An electron doesn't have to travel the full length before there is a current. It should be a bit like water in a primed hose (with water already along it's length) where the flow doesn't begin when the water entering at one end reaches the other end, but begins when the pressure change does (in that case, at the speed of sound). When that pressure wave (is that correct terminology?) reaches the end the water nearest that end flows out first.

I don't know if the video will make this point,  but there is no hose.   I am pretty sure energy from a utility goes through a bunch of step-up and step-down transformers, which means there is no hose continuity.   Only field continuity.   

 

Edited by TheVat
Cwocntjr
Posted
4 hours ago, TheVat said:

I don't know if the video will make this point,  but there is no hose.   I am pretty sure energy from a utility goes through a bunch of step-up and step-down transformers, which means there is no hose continuity.   Only field continuity.   

 

My knowledge of the underlying theory is surely weak, however I note the original post posited a simple DC circuit, without transformers. Energy crossing between coils isn't the same thing.

If electrons don't shift around then how does energy in a DC circuit flow? Or AC without any moving of electrons back and forth? How do capacitors work if there is no accumulation (or absence) of electrons?

I will have a view of the video - although I'd prefer the OP had a summary of what it says.

Posted

One objection I have is the suggestion that the fields are propagating well away from the wires.
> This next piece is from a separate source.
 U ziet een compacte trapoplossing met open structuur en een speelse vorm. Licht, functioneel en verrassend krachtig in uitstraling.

But those fields drop off with distance, and radiate in directions away from the load; they don’t turn around like they’re homing in on the light bulb.

Also: What if you send the wire into a volume that’s encased by a magnetically shielding conductor? The parallel E field would be shielded as well. 
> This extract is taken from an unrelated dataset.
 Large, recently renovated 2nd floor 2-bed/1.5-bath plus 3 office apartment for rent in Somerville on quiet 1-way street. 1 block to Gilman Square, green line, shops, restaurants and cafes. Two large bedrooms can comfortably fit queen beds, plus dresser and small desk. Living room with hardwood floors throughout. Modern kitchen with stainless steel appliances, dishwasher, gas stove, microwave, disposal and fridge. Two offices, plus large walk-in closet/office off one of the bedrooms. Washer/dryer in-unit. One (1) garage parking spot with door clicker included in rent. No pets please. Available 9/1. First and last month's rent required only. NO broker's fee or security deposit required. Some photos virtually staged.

So yes, the energy is contained in the fields - you could calculate the KE of the electrons and see e.g. that 1 Coul of charge with V = 1V, moving at ~1mm/sec, does not have anywhere close to 1 Joule of KE - but these fields can’t be out in random open space

Posted (edited)

I felt that the video, whilst strictly correct in one sense, was disingenuously hiding some things, whilst making too much of a meal of others.

In this respect and bearing in mind @Phi for All's recent comment favouring the written word over videos:

References to a transatlantic telegraph cable bears little relation to the working of a power supply cable and could have been omitted.
It was unjustifiable showmanship.

Whilst they did say that the battery and the light were 1 metre apart, they di nothing to bring that out, except at the end in a smart alec, aren't we clever kind of way.
They failed to mention the fact that the disparity in the length of the supply and return conductors was so large  at 1 : 300,000,000.
I can't think of any normal power supply connections with such a ratio. Much closer to 1 : 1 would be the norm.

So an interesting bit of electrophysics would have been to analyse for two cases, the one they showed and one with both conductors at 300,000,000 metres in length.

All in all I prefer the more measured discussion of the topic by Francis Sears (MIT) in his famous book 'Electricity and Magnetism'.
Francis also make very clear the distinction between potential and emf.

 

 

Edited by studiot
Posted

At first glance, I didn't find any error in the video. Although some things could be stated more precisely (and I agree with Studiot that the reference to telegraph cable only blurred the explanation).

For those who like to think in more common terms, just note that such a wire loop would have a very large inductance (back-of-envelope calculation, something over 700 Henry), so it is sure (as they also said) that the voltage at the lamp would raise slowly (that is, the first effect at the lamp will be at roughly 1/c time, but it will take much longer for the thing to settle).

I would also comment that if wires are arranged in some other way, the result could be different. For example, if both wires (plus and minus) are not separated away from each other, but are closely packed inside a long cable that goes very far away and then returns to the lamp (or especially if a coaxial cable is used), the lamp will only start lighting much later (considering a somewhat idealized case).